Antoinette Dumas, sans titre (les paons), env. 90 x 100 cm, huile sur toile, entre 1963 et 1977, ph.B.M., 2019.
Curieuse peintre, il me semble, qui commence très tardivement la peinture – 75 ans, c'est attendre bien longtemps pour s'y mettre, tout de même... – et décide de ne faire que des grands formats, apparemment toujours des toiles, assez fragilement fixées sur des châssis de fortune, et de surcroît pas très tendues. Durant les quatorze dernières années de sa vie. La touche ne cherche pas la netteté, les compositions sont parfois peu élaborées, les personnages se ressemblent tous, stéréotypés, les troncs des arbres la fascinent, tandis que leurs frondaisons servent de motifs de remplissage, aux limites d'une ornementation abstraite décorative qui fait songer à de la tapisserie... On aimerait en apprendre encore davantage sur cette Antoinette Dumas dont deux toiles, de 1969, sont conservées au musée d'art naïf et d'art singulier de Laval depuis cette année-là justement (offertes par l'auteur).
15:30 Publié dans Art immédiat, Art naïf | Lien permanent | Commentaires (7) | Tags : a.dumas, antoinette dumas, art naïf, charente, saint-laurent-de-belzagot, musée d'art naïf et d'art singulier du vieux château de laval | Imprimer
Commentaires
Très beau, très intéressant ! Cependant, attention : ne confondez pas des ceps (de vigne) et des cèpes (des bolets). Et compliments pour cette découverte picturale !
Écrit par : collignon | 26/06/2019
Répondre à ce commentaireOups! Petite étourderie. Vous avez bien raison de relever cette déplorable bévue. Je corrige de ce pas, et laisse la correction en rouge, pour que chacun prête attention à ce genre de confusion possible. Ce sera le rouge qui m'est monté au front en vous lisant, en même temps.

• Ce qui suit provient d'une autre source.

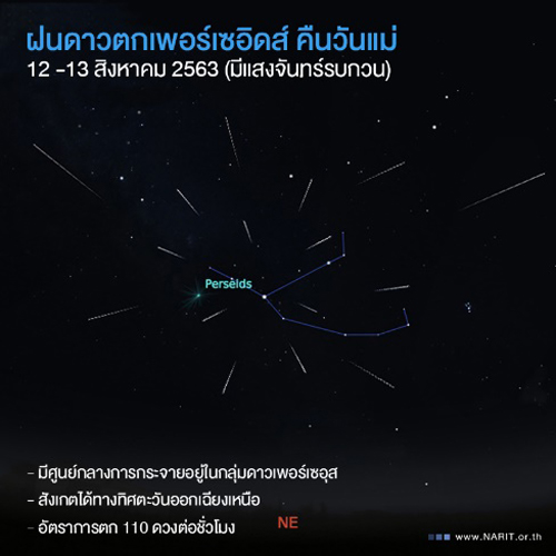 ฝนดาวตก กลุ่มนี้เกิดจากเศษฝุ่นละอองของดาวหางสวิฟท์-ทัตเทิล เหลือทิ้งไว้ในวงโคจร เมื่อโลกโคจรตัดผ่านเข้ามาในชั้นบรรยากาศ เกิดการลุกไหม้เป็นแสงสว่างบนท้องฟ้า สามารถชมปรากฎการณ์นี้ได้ทุกพื้นที่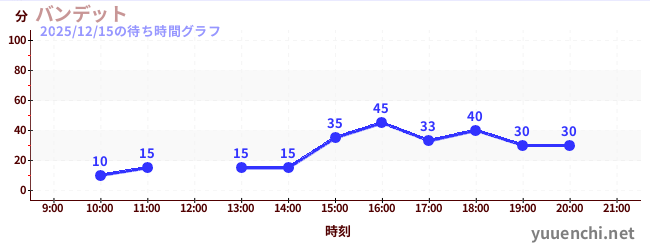 2025/12/15の待ち時間グラフ (バンジージャンプ)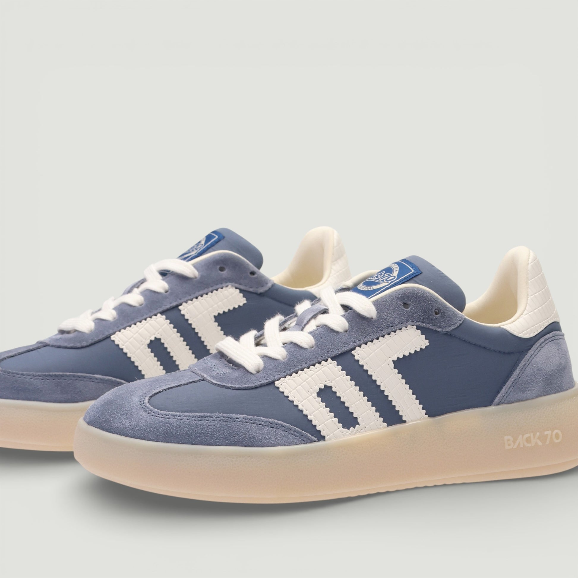 Sneakers in nylon azzurro con riporti in pelle scamosciata in tinta. Logo laterale in pelle stampata cocco bianco. Chiusura tramite laccio di cotone. Interno in tessuto con sottopiede estraibile. Suola in gomma. Collezione Back 70 donna primavera/estate.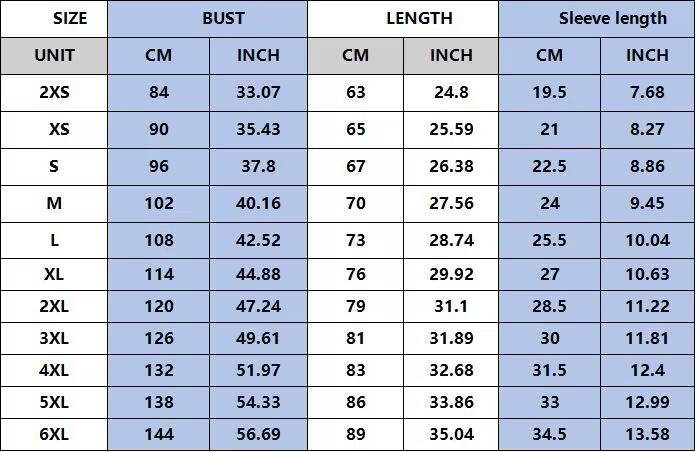 Size: XXS,XS,S,M,L,XL,2XL,3XL,4XL,5XL,6XL,100,110,120,130,140,150,160

Écrit par : Le sciapode | 26/06/2019
Bonjour,
Une expo en 2010, un lien avec Sao Paulo dans un dictionnaire de charentais... De petits indices trouvés pour collaborer à votre enquête...
https://www.sudouest.fr/2010/09/14/le-genie-barbezilien-aux-journees-du-patrimoine-184249-1179.php
http://journaldoc.canalblog.com/archives/2009/03/03/12792669.html
Écrit par : Claudia | 26/06/2019
Répondre à ce commentaireOui, merci Claudia, j'avais vu les divers petits indices sur internet au sujet d'Antoinette, car je vais moi aussi googuéliser, vous savez... Mais je trouvais qu'il n'y avait là rien de très passionnant.
Espérons que quelque Charentais concerné soit éveillé par la note ci-dessus.
Écrit par : Le sciapode | 26/06/2019
Bizarre, bizarre, la correction n'est pas passée : les cèpes sont toujours des ceps. Ce qui me fait penser qu'il y aura peut-être un jour des cèpes de vigne, comme il y a des pêches de même.
Écrit par : Félicie Corvisart | 27/06/2019
Répondre à ce commentaireCette Antoinette a une manière de représenter les troncs d'arbre qui est tout à fait étonnante. Mélange de cotonneux (les fonds blancs) et tourmenté. On a l'impression qu'elle éprouve une véritable passion à figurer les nœuds et les trous que forment les attaches de branches tombées. Elle en crible toute la hauteur des troncs, du pied au sommet, et on la sent heureuse de nous montrer comme elle sait bien y faire. Et bien sûr comment de pas trouver dans ces orifices ombrés et ourlés d'un gros rebord luisant une image de la matrice de la Dame nature primordiale.
Écrit par : Isabelle Molitor | 29/06/2019
Répondre à ce commentaireA Saint-Laurent-de-Belzagot, Antoinette Dumas est une célébrité. Je découvre qu'il y a un petit square qui porte son nom.